30【追究】三

 確かに、弐朗と虎之助、刀子の三人は、根岸常彦の財布にあった金を三等分し、着服した。

 一人当たり一万四千円程度の臨時収入だ。

 ヨズミはそれを微笑みながら見守っていた。


 いやだってそれは、と弐朗が反論しようとしたところで、ヨズミが根岸に振り返って言う。


「うちでは不当でなければぶんどりの類いは認めてるんだ。キミの財布には四万と少し入っていたが、こちらが受けた被害ー…治療費、制服の弁償、手間賃等、諸々考えれば、もっと請求したっていいぐらいだよ」


 根岸は顔を覗き込んでくるヨズミから目を逸らし、弐朗を見つつ負けじと言い返してくる。弐朗はそんな根岸を「なんだコイツ」と目を丸くして眺めている。


「それって当たり屋の言い分と一緒じゃないですかァ。邪魔してきたのはあの人たちなのに……。俺だって刺されたし殴られたんですけど。それなのに俺だけお金盗られるのはおかしいと思うんですけどォ……」

「ハァ!? 邪魔って! それはお前があんなとこで人襲ってるからだろうが! 止められて当たり前だろ!? ああいうのは邪魔とは言わねェンだよ!!」

「おばさん襲ったのは俺じゃなくてあの鳥、えーと、キョウキ? でしたっけ? なんで。俺は指一本も触れてないんで」

「でも叫鬼の持ち主はキミだろう。

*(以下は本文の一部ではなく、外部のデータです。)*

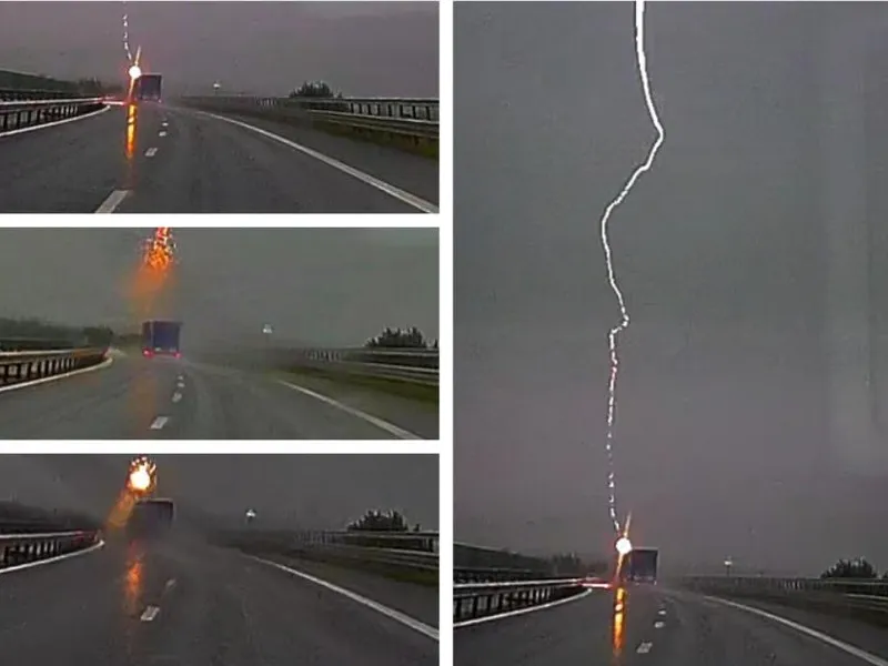 Imediat după incident, TIR-ul a tras pe dreapta, iar şoferul a coborât să inspecteze maşina. Acesta a luat în calcul cel mai pesimist scenariu, acela în care fulgerul i-ar fi aprins marfa pe care o transporta, potrivit observatornews.ro.

責任の所在はキミにあるのでは? キミが襲うよう仕向けたんじゃないのかい。キミは「邪魔された」と言うが、我々はキミの何を邪魔したことになるのかな。夏頃から京都で使い手を襲撃していたのもキミなんだろう?」

「そうだそうだ! お前がやらせてんだからお前が責任取って当たり前なんだよ!」

「ゆうざいゆうざい! あっとうてきぎるてぃ」

「あ。えっと。よくわかんないです」


 弐朗と刀子がわあわあと言い募れば、根岸は締まりのない顔でへらりと笑い、そのまま口を閉ざしてしまう。

 刀子は根岸の横で「黙秘権を行使していますね!?」「かつどんくうか!」と嬉しそうに食いついているが、弐朗は根岸のその太々しい態度にカチンときていた。


 こっちは楽しみにしてた修学旅行に水注されまくっていい迷惑なんだが? 初京都なんだが? そりゃ小学校でも中学校でも行ったけど、高校のはこの一回しかないんだが? こいつの所為で旅行の段取りがめちゃくちゃだ。自分で納得してここにいるわけだから、鬼壱さんたちを手伝うことに不満はないけど、だからってこいつに腹が立たないかと言われるとそれは別だ。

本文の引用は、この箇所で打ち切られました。